By extending the _Countof operator to work on array parameters,
we could do the same exact thing with them:
int
bar(int size, char buf[const 100], pid_t pid)
{
if (STPRINTF(buf, "/proc/%d/", pid) == -1) {
return -1;
...
return 0;
}
This is only possible with _Countof(), and only possible with
array notation. _Countof() will never support pointers; that's
a promise, by design. Thus, this will not work with the
attributes proposed in n3656.
Arbitrarily complex prototypes
This feature can be used for more complex functions, such as
[v]seprintf(), proposed in alx-0049.
[[gnu::format(printf, 3, 0)]]
char *
vseprintf(char *const restrict p, const char *restrict end;
char p[const restrict p ? end - p : 0],
const char end[restrict 0],
const char *restrict format, va_list ap)
{
int len;
ptrdiff_t size;
if (p == NULL)
return NULL;
len = vsnprintf(p, _Countof(p), fmt, ap);
if (len == -1)
return NULL;
if (len >= _Countof(p)) {
errno = E2BIG;
return NULL;
}
return p + len;
}
Such a simple feature (4 lines added to the standard), provides
very strong safety improvements to the C language, ruling out
entire classes of bugs from the language; not only by enabling
static analysis, but even better: by not being able to write
them in the first place, with wrapper macros that call
_Countof() as appropriate.
Prior art
This reuses old C syntax with the meaning it always had, even if
the standard ignores such syntax.
And for the _Countof() extension, Martin and I are working on
implementing this in GCC.
Future directions
-Wsizeof-array
We could make it a constraint violation to use sizeof(array).
Now that we have _Countof(), it's safer to use it even for the
size in bytes of an array, as
_Countof(array) * sizeof(array[0])
As it prevents accidentally using pointers. And it would even
work with array parameters, unlike sizeof().
It's a breaking change, but it's not a silent one, so we're
covered by 'Avoid quiet changes'.
-fconst-array-parameters
In the future, we could make all array parameters
const-qualified. I'd suggest compilers to add a flag that turns
the dialect into that, which eventually turn into the default.
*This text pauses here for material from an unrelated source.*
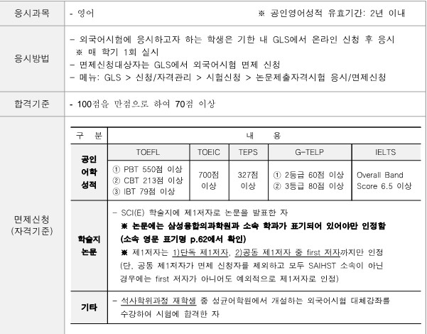 ※ 외국어시험 면제 신청 또한 해당 기간 내에 신청해야 합니다.

This would also be a breaking change, but again we're covered by
'Avoid quiet changes'.
_Generic(), typeof()
The combination of the two items above will make array
parameters quite close to actual arrays. Actually, almost
indistinguishable, if not by _Generic() in combination with
typeof(). We may want to tweak that too afterwards. We'll see.
Proposed wording
Based on N3550.
6.5.4.5 The sizeof, _Countof, and alignof operators
@@ Constraints, p1
...
The _Countof operator shall only be applied to
an expression that has a complete array type,
-or to the parenthesized name of such a type.
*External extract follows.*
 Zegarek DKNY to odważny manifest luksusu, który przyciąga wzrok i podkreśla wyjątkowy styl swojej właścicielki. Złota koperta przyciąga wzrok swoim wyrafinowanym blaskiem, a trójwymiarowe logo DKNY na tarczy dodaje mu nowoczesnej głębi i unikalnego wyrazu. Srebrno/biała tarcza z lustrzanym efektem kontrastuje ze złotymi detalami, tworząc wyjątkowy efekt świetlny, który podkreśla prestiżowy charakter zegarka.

+or to the parenthesized name of such a type,
+or to a <b>const</b>-qualified array parameter of specified size.
...
@@ Semantics, p5
The _Countof operator yields
the number of elements of its operand.
The number of elements is determined from
the type of the operand.
+If the operand is an array parameter,
+the number of elements is determined from
+the array type used in its declaration.
The result is an integer.
If the number of elements of the array type is variable,
the operand is evaluated;
otherwise,
the operand is not evaluated
and the expression is an integer constant expression.